▸ Given material:
——

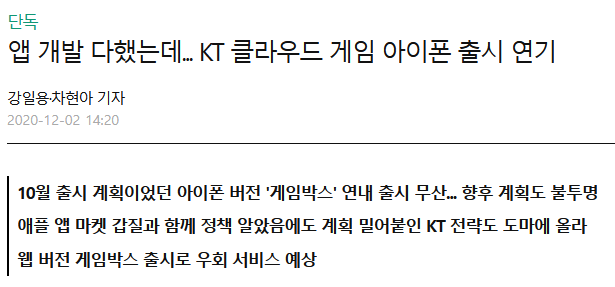 그리고 12월 2일, 아주경제는 단독으로 KT 게임박스의 iOS 서비스가 연기되었다고 전했습니다.
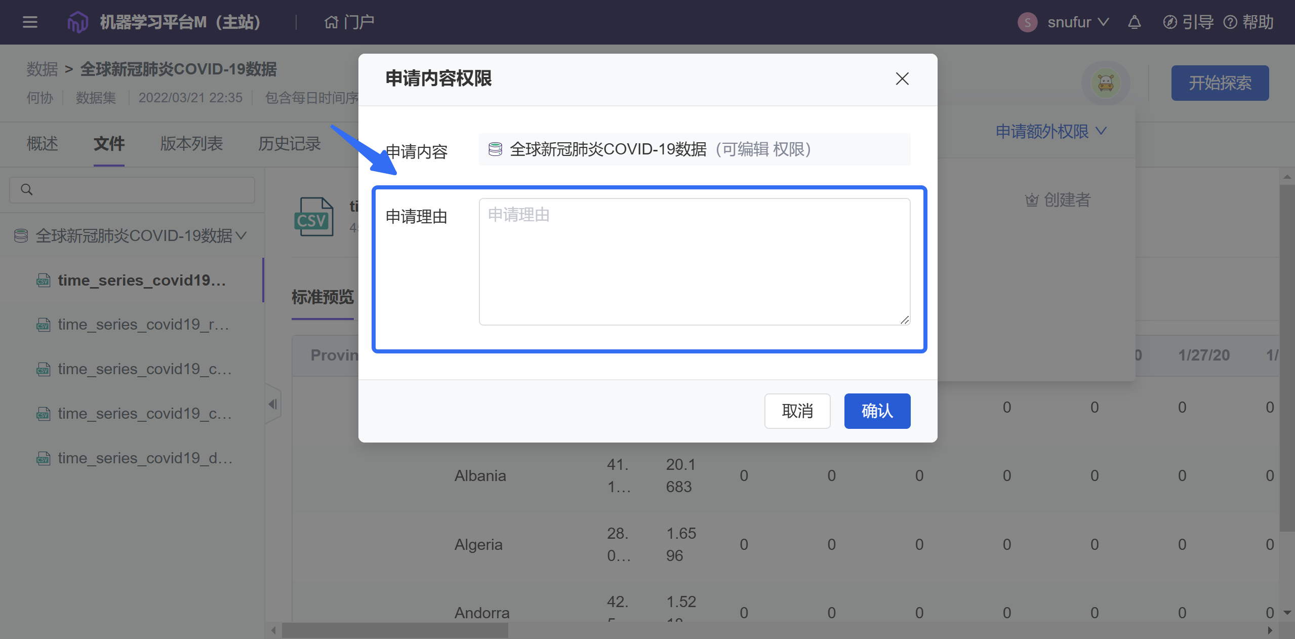 - 用户申请项目/数据集的访问权限或者更高级权限时,支持填写申请理由。
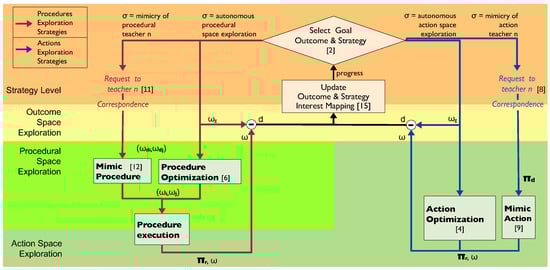Grounding our work in cognitive developmental robotics [,], we propose an intrinsically motivated learner able to self-organize its learning process for multi-task learning of hierarchically organized tasks by exploring action, task and task decomposition spaces. Our proposed algorithm combines autonomous exploration with active imitation learning into a learner discovering the task hierarchy to reuse its previously gained skills for tackling more complex ones, while adapting the complexity of its actions to the complexity of the task at hand.

——

▸ Problem details:
For this exercise, transcribe exactly only the lines from the one containing "- 用户申请项目/数据集的访问权限或者更高级权限时,支持填写申请理由。" through the end of the listing, inclusive, without the pictures.

▸ Answer:
 - 用户申请项目/数据集的访问权限或者更高级权限时,支持填写申请理由。
Grounding our work in cognitive developmental robotics [,], we propose an intrinsically motivated learner able to self-organize its learning process for multi-task learning of hierarchically organized tasks by exploring action, task and task decomposition spaces. Our proposed algorithm combines autonomous exploration with active imitation learning into a learner discovering the task hierarchy to reuse its previously gained skills for tackling more complex ones, while adapting the complexity of its actions to the complexity of the task at hand.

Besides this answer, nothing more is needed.